Overton “Bunny” Phillips was the undisputed Bugatti guru of the West Coast. In the late 1930s, he acquired the overhead cam V8 engine from one of Harry Miller’s two four-wheel-drive racers. Phillips shoehorned the engine into his 1927 Type 35 Bugatti and went racing. He kept the original Bugatti body from cowl to tail and had a new enveloping nose and hood fabricated.

What if Harry Miller, Bunny Phillips and Ettore Bugatti had been together on a sunny L.A. day in front of Phillips’ shop? Harry Miller checks out the engine installation as Bugatti makes a point with Phillips. What an interesting discussion it might have been.
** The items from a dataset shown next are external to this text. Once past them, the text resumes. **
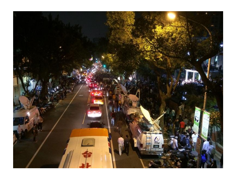
From the bridge over Qingdao East Road at night.
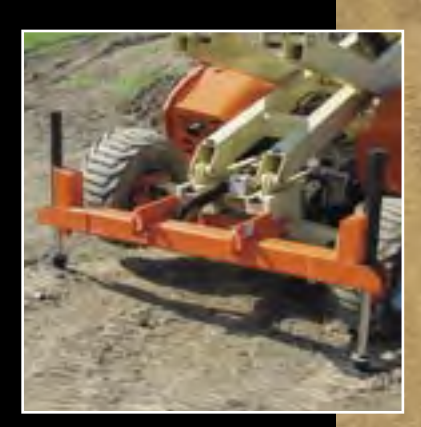
Optional One-Touch Leveling Jacks for Faster Set Up

Wide Platforms Get You Closer to Your Work Area
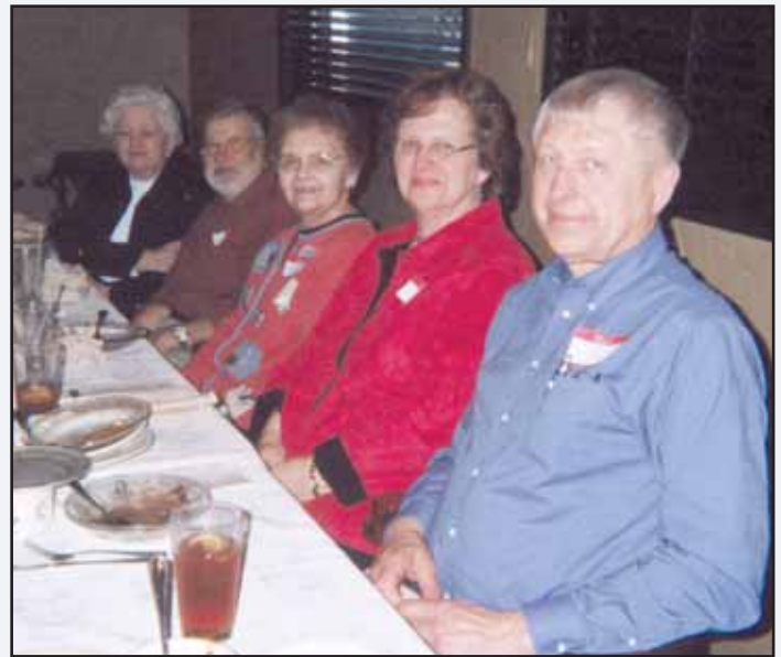
St. Isidore District officers were special guests.
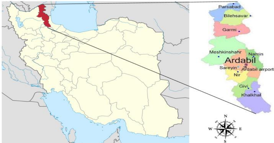
Fig. 1: Left: map of Iran highlighting the study area, Ardabil Province, Right: map of Ardabil Province showing the capital, Ardabil, and different counties of the province

A written epidemiological questionnaire and informed consent form including the demographic characteristics i.e., age, gender, residency, occupation, contact with dogs, eating uncooked vegetables and history of disease were completed by the individuals. The study was approved by Ethical Committee of Ardabil University of Medical Sciences (IR.ARUMS.REC.1397.264).
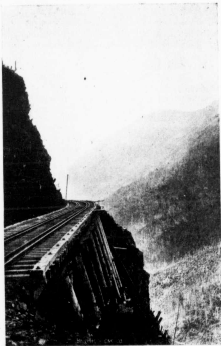
PAYNE BLUFF ON K. & S. RAILWAY, 1,000 FEET BELOW.

is a double-track tunnel, and is one of the best and largest tunnels in the Slocan. A force of about 60 men is employed and shipments are being made at the rate of two cars of ore per week. A quantity of ore has lately been discovered in the old upper workings, which were supposed to be stoped out. Air for the tunnel
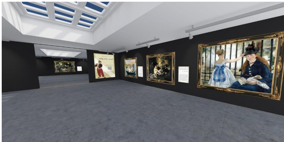
Fig. 3. The art exhibition space created by students.

At a time when social distancing measures were being implemented due to COVID-19, VR platforms were explored as a medium that could alleviate the limitations of expression and appreciation classes in art education. Using VR platform in art class, students were able to create the following exhibition space (Fig. 3). The students created exhibition spaces consisting of at least two to four spaces per group and posted appropriate exhibition works and captions on the walls of the exhibition space. During this process, students were able to naturally consider the viewer's path, the size of the artwork, and the placement of posters.
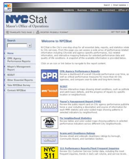
Screenshot of NYCStat Home Page

Other crucial steps in the development of the data presentation included decision-making about whether to measure year-to-date trends or measure against pre-set targets; designating the desired direction of each measurement (i.e. up, down or neutral); and developing thresholds (+/-10%) for good and poor performance. Finally, decision-making about how to best present the trend analysis—whether to use colors, data tables, or up/down arrows—was needed. Ultimately, we selected color-coded pie charts—with red, yellow and green to represent declining and good/stable performance—as the most user-friendly presentation on a dashboard.
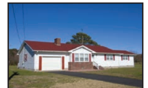
Parks Rd.—3BR on 3.5 acres Wood floors, fireplace, large wkshp on slab w/elec. $197,500
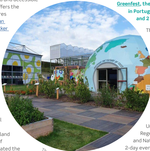
The Floriade Expo

Greenfest Valongo brought together people from different backgrounds and generations, discussing and presenting solutions to some of the most urgent problems regarding sustainability.
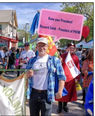
Sept 20. PHCWI at the Willy St Fair A beautiful sunny day at

the one-and-only Willy Street Fair was enjoyed by all. The club's first time at the fair booth was well staffed, and many stopped by to chat and view Polish items. Thank you to the organizers & helpers!
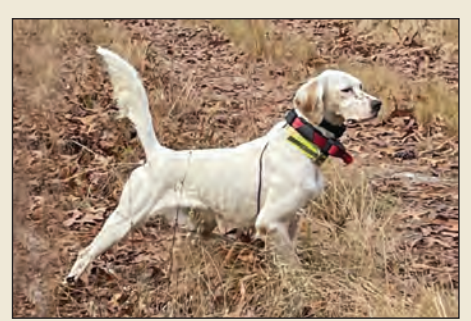
SHAGTIME SMOKE Ch. Smoke Rise Buck Ch. Ridge Creek Cody Ch. Houston's Belle
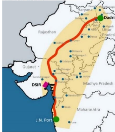
Figure 1: Location map of DSIR

The Gujarat Special Investment Region (SIR) Act, 2009, was enacted to institute investment regions and investment areas in the State in the wake of the DMIC, albeit not exclusively along the corridor. The Act brings within its purview the Gujarat Town Planning and Urban Development Act (GTPUDA), 1976, a tool for the conversion of the existing rural-agrarian land into an urban area.
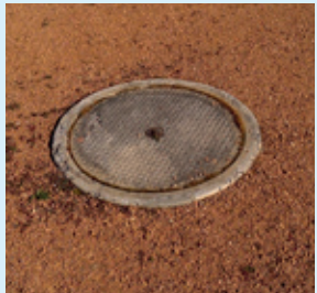
Sewer maintenance hole

I had been wanting to do a picture like this for some time but did not have a good reference picture of the new front end. After digging trough a thick file folder of Bugatti articles and pictures I had filed over the years, I found what I needed. The pretty much straight on view revealed the Bugatti frame irons and crossbar through the grille. With this information, I was able to proceed with the illustration you see here.


“Arriving in Style”

The car is the Mercedes 540K Special Coupe from the 1936 Paris auto show. The setting is the famous Chasen’s restaurant in Hollywood.

What do we mean, “Arriving in Style?” One of Webster’s definitions of style reads, “A mode of living, as with respect to expense or display: elegant or fashionable mode of living.”

In this picture, I wanted to show not just a beautiful car, but a way of living during the time it was built. In our fast-paced modern world of high-tech gadgets, we seem to have lost a sense of elegance and style.

So, step back into a time when gentlemen and ladies dressed “to the nines” for an evening on the town. Automobiles were more than appliances to get from point A to point B. There were glamorous destinations to arrive at and depart from.

The gentleman waits as his lady friend sweeps from the Mercedes coupe to truly arrive in style.